Exercise - Output each entry that follows exactly. Images stay out.
[[ Exercise input, beginning ]]
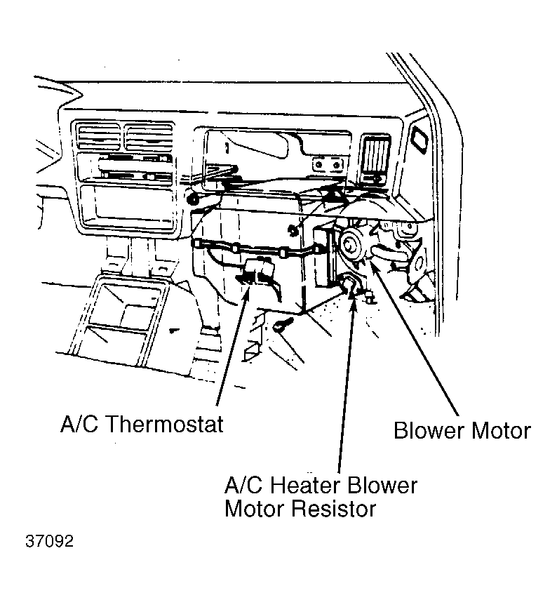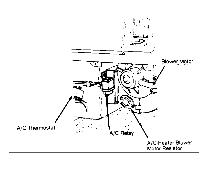 A/C-Heater Blower Motor Resistor Under right side of dash, on blower motor housing. See Figure & Figure .
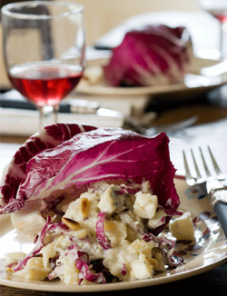 Schil de knolselderij en de aardappelen en snijd ze in blokjes. Kook de knolselderij met de aardappel in een laagje water met zout in circa 15 minuten gaar. Verwijder vervolgens de groene bladeren van de bloemkool en zet de groente op met een laagje water met zout. Stoom de bloemkool in circa 20 minuten gaar. Stamp de knolselderij met de aardappel en de roomkaas tot puree en pureer met een staafmixer de bloemkool. Meng de bloemkool met de knolselderij-aardappelpuree. Verdeel de stamppot over de 4 radiccioblaadjes en strooi er de gorgonzola en de pijnboompitten over.
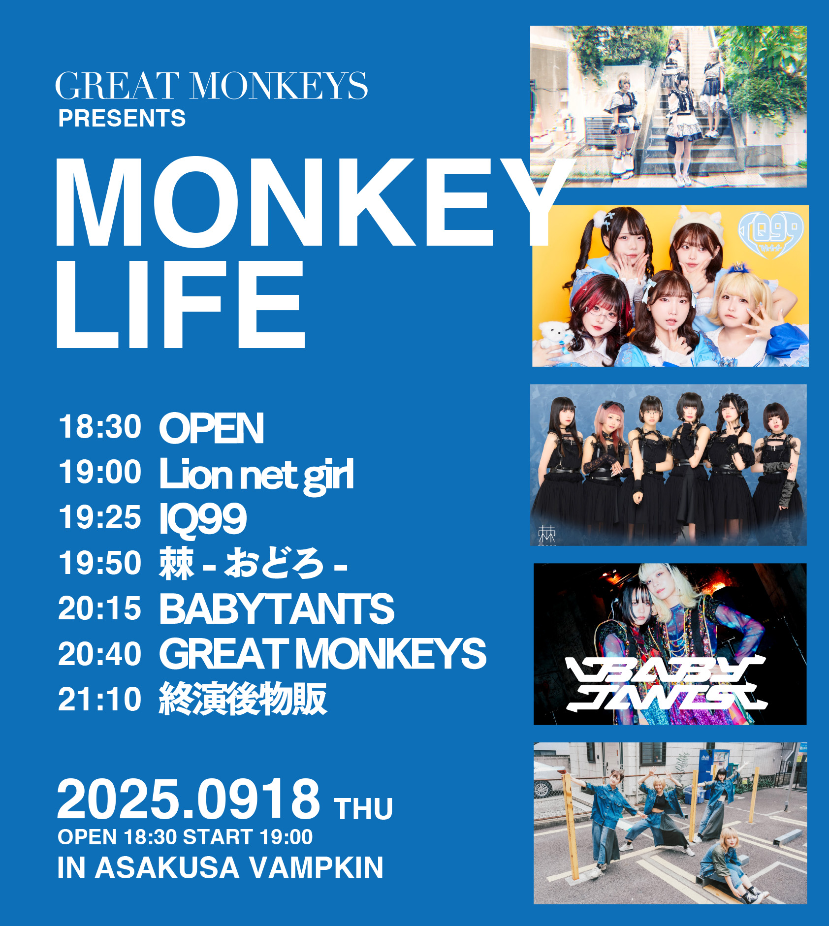 浅草 VAMPKIN スケジュール 2025.9.18(Thu) GREAT MONKEYS PRESENTS MONKEY LIFE [ACT] GREAT MONKEYS/IQ99/棘-おどろ-/BABYTANTS/Lion net girl [OPEN/START] OPEN 18:30 / START 19:00 [料金] 前売2900円 / 当日3500円(+1D)
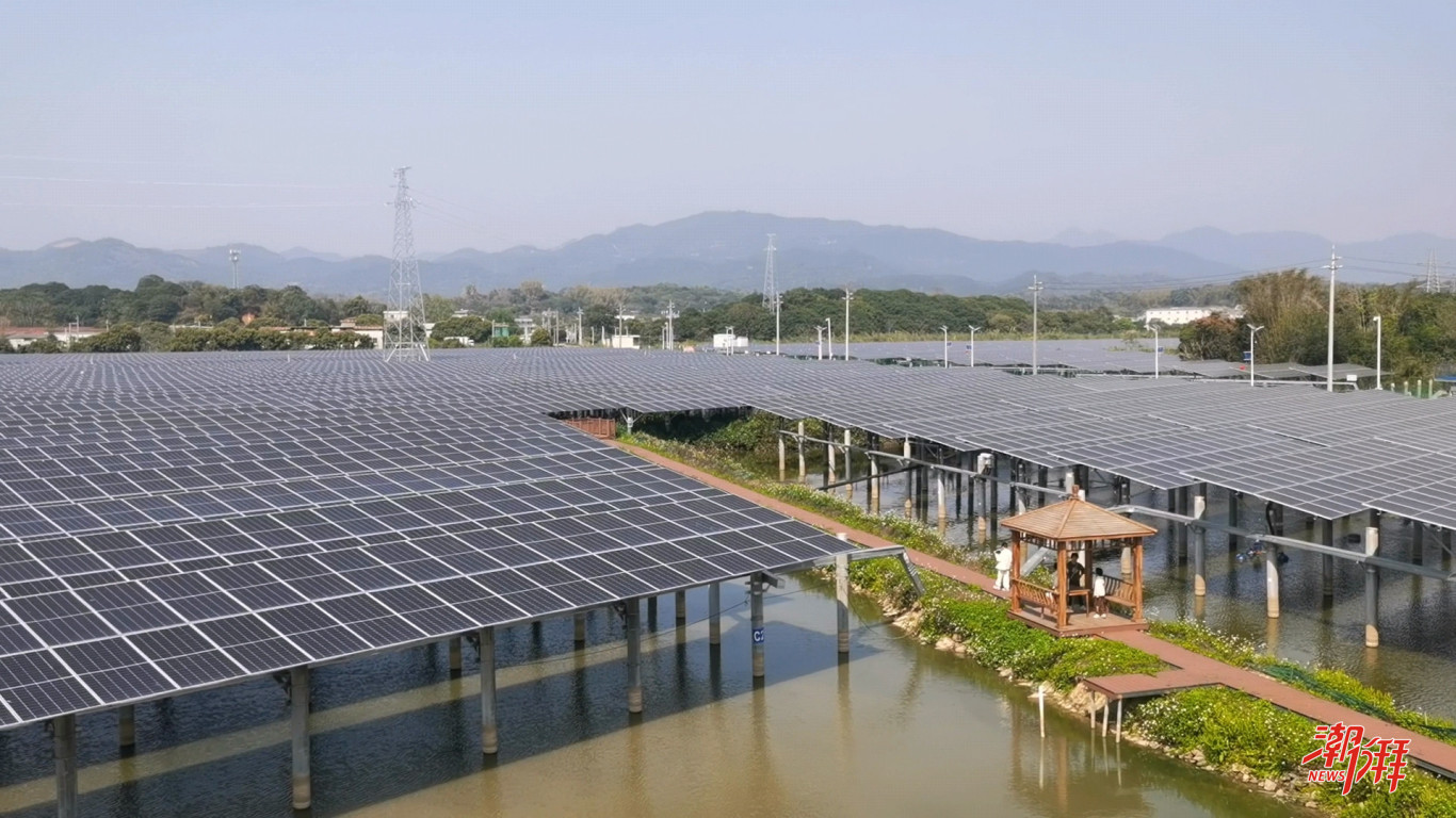 千畝魚塘水面上,一排排光伏板整齊排列,將陽光轉化為清潔電能;光伏板下,小龍蝦悠然游動,成為村民致富的“金鑰匙”。近年來,潮安區歸湖鎮以鳳東村、金光村等地為試點,實施漁光互補光伏發電項目,通過“光伏+農業”“光伏+文旅”等多元模式,推動新能源產業與鄉村振興深度融合,走出一條生態優先、產業興旺、村民共富的綠色發展之路。
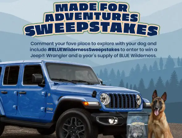 Enter the sweepstakes for a chance to win a 2025 Jeep Wrangler SUV and a 1-year supply of Blue Buffalo Wilderness dry dog food.
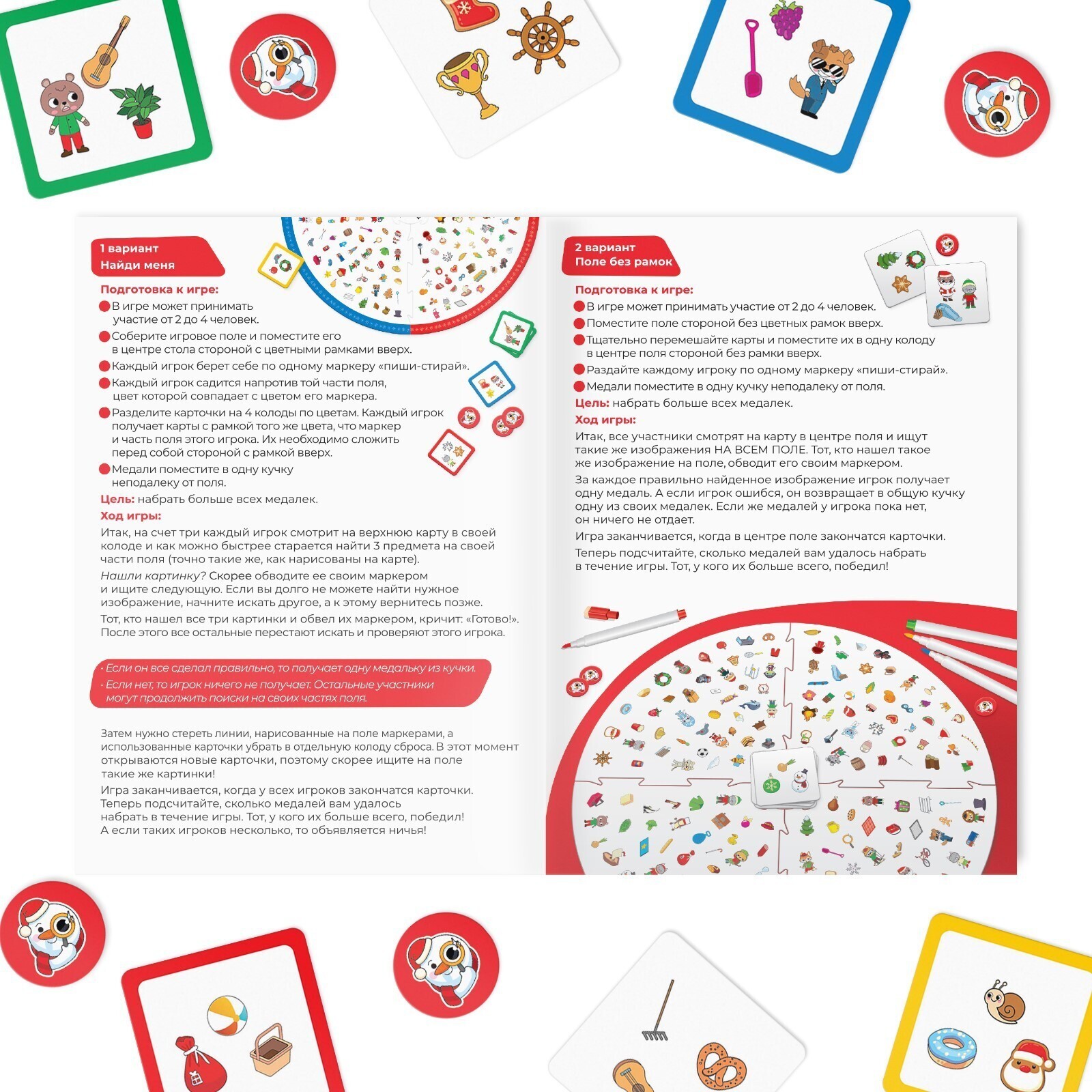 Соревнуйтесь в поиске картинок, которые нарисованы на двустороннем поле. На помощь придёт специальный маркер. Кричите: «готово!», как только найдёте и обведёте все 3 картинки. Получайте за это медальки и становитесь победителем!
[[ Exercise input, end ]]
Task answer -
 A/C-Heater Blower Motor Resistor Under right side of dash, on blower motor housing. See Figure & Figure .
 Schil de knolselderij en de aardappelen en snijd ze in blokjes. Kook de knolselderij met de aardappel in een laagje water met zout in circa 15 minuten gaar. Verwijder vervolgens de groene bladeren van de bloemkool en zet de groente op met een laagje water met zout. Stoom de bloemkool in circa 20 minuten gaar. Stamp de knolselderij met de aardappel en de roomkaas tot puree en pureer met een staafmixer de bloemkool. Meng de bloemkool met de knolselderij-aardappelpuree. Verdeel de stamppot over de 4 radiccioblaadjes en strooi er de gorgonzola en de pijnboompitten over.
 浅草 VAMPKIN スケジュール 2025.9.18(Thu) GREAT MONKEYS PRESENTS MONKEY LIFE [ACT] GREAT MONKEYS/IQ99/棘-おどろ-/BABYTANTS/Lion net girl [OPEN/START] OPEN 18:30 / START 19:00 [料金] 前売2900円 / 当日3500円(+1D)
 千畝魚塘水面上,一排排光伏板整齊排列,將陽光轉化為清潔電能;光伏板下,小龍蝦悠然游動,成為村民致富的“金鑰匙”。近年來,潮安區歸湖鎮以鳳東村、金光村等地為試點,實施漁光互補光伏發電項目,通過“光伏+農業”“光伏+文旅”等多元模式,推動新能源產業與鄉村振興深度融合,走出一條生態優先、產業興旺、村民共富的綠色發展之路。
 Enter the sweepstakes for a chance to win a 2025 Jeep Wrangler SUV and a 1-year supply of Blue Buffalo Wilderness dry dog food.
 Соревнуйтесь в поиске картинок, которые нарисованы на двустороннем поле. На помощь придёт специальный маркер. Кричите: «готово!», как только найдёте и обведёте все 3 картинки. Получайте за это медальки и становитесь победителем!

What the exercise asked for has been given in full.